Mais le Québec de demain, par sa faible natalité et son immigration, sera plus asiatique ou africain. C’est toute la mémoire française à laquelle vous êtes si attaché, comme en témoigne la facture classique de votre poésie, qui est menacée de disparition....

Récemment, alors que j’étais en tournée à Magog, dans les Cantons-de-l’Est, un jeune Asiatique m’a confié, ému : « J’ai été élevé avec vos chansons. » C’est une anecdote. Mais elle n’est pas unique. Et cela veut dire que nous avons intégré sans intégrisme des cultures, des morceaux de cultures extérieures qui renforcent la culture québécoise. Ça rend la culture québécoise cultivée. Et c’est une dynamique extraordinaire d’être non seulement tolérant mais accueillant, « recevant », comme on disait chez nous, à Natashquan, quand j’étais petit. Ça voulait dire bienveillant à l’égard de celui qui arrive. Le Québec doit surtout ne pas avoir peur. La peur, c’est le meilleur ferment pour le racisme. Et tous les intégrismes du monde. Et tous les fascismes. Il y a des « ismes » qui se suivent, même s’ils ne se ressemblent pas toujours.
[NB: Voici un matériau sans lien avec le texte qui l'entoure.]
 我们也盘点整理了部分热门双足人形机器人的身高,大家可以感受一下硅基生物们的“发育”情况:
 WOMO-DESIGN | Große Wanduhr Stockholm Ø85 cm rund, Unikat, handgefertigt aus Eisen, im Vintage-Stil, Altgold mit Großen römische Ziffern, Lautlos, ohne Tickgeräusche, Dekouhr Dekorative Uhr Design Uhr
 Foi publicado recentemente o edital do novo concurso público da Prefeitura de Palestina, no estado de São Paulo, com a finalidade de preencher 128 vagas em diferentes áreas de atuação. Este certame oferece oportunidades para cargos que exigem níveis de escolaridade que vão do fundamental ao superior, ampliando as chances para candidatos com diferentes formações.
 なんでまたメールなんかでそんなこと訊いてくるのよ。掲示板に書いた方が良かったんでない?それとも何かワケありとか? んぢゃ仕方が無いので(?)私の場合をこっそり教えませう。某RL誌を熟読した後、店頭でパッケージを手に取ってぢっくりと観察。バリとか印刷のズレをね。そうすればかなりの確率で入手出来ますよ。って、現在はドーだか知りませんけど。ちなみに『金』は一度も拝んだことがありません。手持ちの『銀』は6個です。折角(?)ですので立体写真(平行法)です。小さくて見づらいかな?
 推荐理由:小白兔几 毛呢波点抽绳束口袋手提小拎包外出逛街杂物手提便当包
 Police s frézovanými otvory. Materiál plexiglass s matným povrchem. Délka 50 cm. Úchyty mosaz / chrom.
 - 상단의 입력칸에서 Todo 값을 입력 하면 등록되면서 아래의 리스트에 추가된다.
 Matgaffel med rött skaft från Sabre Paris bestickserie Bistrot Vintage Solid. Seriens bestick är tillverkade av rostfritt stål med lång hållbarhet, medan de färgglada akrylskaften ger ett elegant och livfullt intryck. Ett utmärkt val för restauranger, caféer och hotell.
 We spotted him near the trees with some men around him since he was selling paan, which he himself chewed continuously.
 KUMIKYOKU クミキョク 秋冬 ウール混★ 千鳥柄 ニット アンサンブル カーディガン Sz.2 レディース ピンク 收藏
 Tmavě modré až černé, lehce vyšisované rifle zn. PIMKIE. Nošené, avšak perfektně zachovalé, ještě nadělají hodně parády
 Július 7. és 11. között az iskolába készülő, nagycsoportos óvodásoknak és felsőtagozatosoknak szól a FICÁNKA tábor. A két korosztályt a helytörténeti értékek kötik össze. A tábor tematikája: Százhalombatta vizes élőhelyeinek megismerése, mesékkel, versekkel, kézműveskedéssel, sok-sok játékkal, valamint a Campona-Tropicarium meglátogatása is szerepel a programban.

Depuis le 11 septembre 2001, partagez-vous ce sentiment nouveau de vulnérabilité qui a saisi l’Amérique du Nord ?

Quand on m’a dit, le 11 septembre, « On est tous Américains », j’ai frémi, bondi, ragé. Non ! Nous sommes sympathisants, nous pleurons avec les gens qui pleurent où qu’ils se trouvent dans le monde, d’ailleurs. Nous avons pleuré à la chute d’Allende, également. Nous avons pleuré pendant les événements du Rwanda. Et à d’autres occasions. Mais il ne faut pas avoir peur, ne pas foncer tête baissée. Pas courir, mais marcher. Courir, c’est dangereux, surtout avec quatre roues au-dessous. Il faut marcher avec la conscience de sa marche. Le fascisme est une mauvaise herbe qui pousse sur n’importe quel terrain. Mais ça me fait penser à mon charpentier qui dit : « Rien de nouveau sur la planète, mais ça reste un métier honnête, tu pourrais faire un charpentier. [Et il chante.] Mais ne fais pas un militaire, car ce n’est pas un beau métier que d’aller tuer des charpentiers de l’autre côté de la Terre. » Et on plaint le métier du militaire qui devient son propre fusil, son propre outil. C’est le plus triste sur la Terre.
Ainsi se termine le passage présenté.